-- Dataset follows --

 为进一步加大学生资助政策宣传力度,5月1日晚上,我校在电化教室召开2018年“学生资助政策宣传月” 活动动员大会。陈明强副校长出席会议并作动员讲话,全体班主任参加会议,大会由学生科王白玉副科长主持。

-- Dataset concluded --
-- Dataset follows --

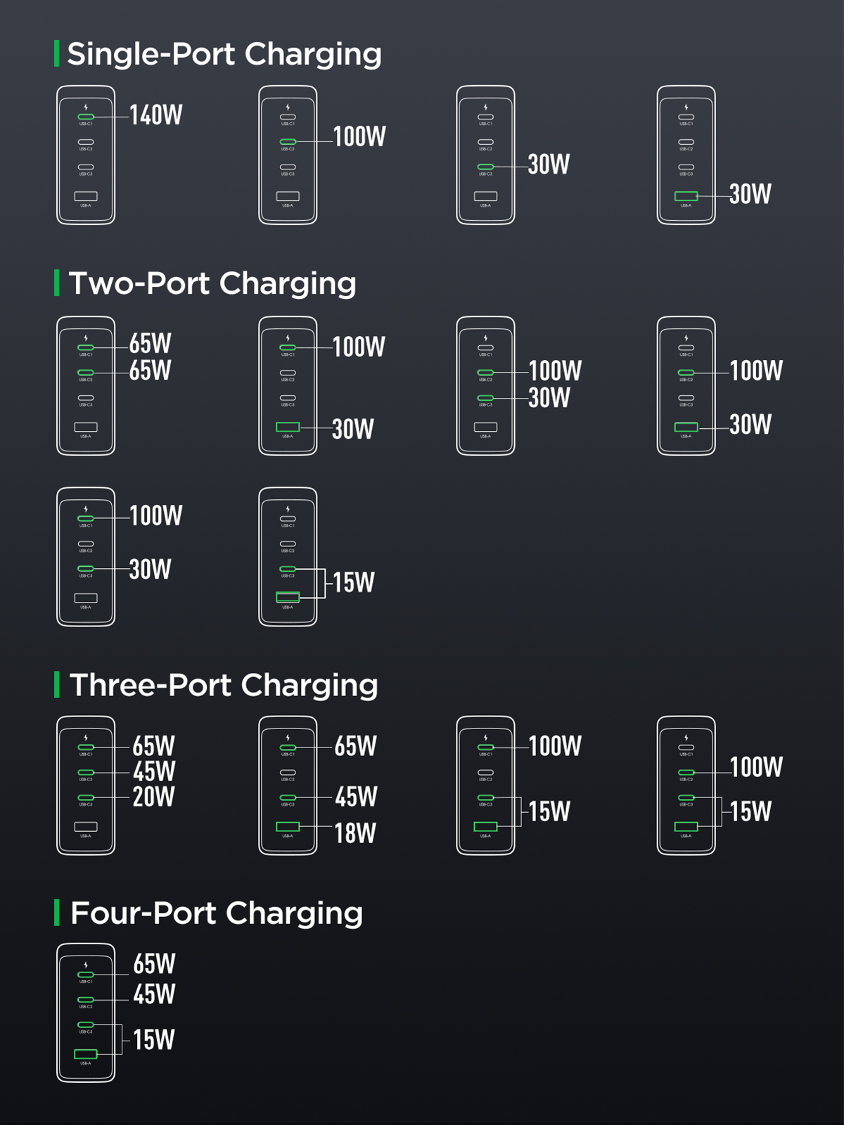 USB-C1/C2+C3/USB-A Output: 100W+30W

-- Dataset concluded --
-- Dataset follows --

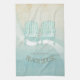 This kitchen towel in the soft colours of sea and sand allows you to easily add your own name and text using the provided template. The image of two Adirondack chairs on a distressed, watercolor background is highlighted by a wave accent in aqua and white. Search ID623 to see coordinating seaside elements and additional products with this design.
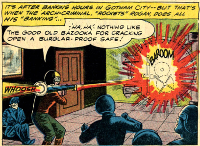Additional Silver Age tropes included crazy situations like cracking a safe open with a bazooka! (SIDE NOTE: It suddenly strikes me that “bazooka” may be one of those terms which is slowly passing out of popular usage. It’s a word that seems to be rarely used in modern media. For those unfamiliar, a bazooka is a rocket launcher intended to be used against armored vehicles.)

-- Dataset concluded --

» Work instruction
Those lines of the records above that run from the one containing "This kitchen towel" through the one containing "Additional Silver Age" should be returned exactly, with no pictures among them.

» Output below
 This kitchen towel in the soft colours of sea and sand allows you to easily add your own name and text using the provided template. The image of two Adirondack chairs on a distressed, watercolor background is highlighted by a wave accent in aqua and white. Search ID623 to see coordinating seaside elements and additional products with this design.
Additional Silver Age tropes included crazy situations like cracking a safe open with a bazooka! (SIDE NOTE: It suddenly strikes me that “bazooka” may be one of those terms which is slowly passing out of popular usage. It’s a word that seems to be rarely used in modern media. For those unfamiliar, a bazooka is a rocket launcher intended to be used against armored vehicles.)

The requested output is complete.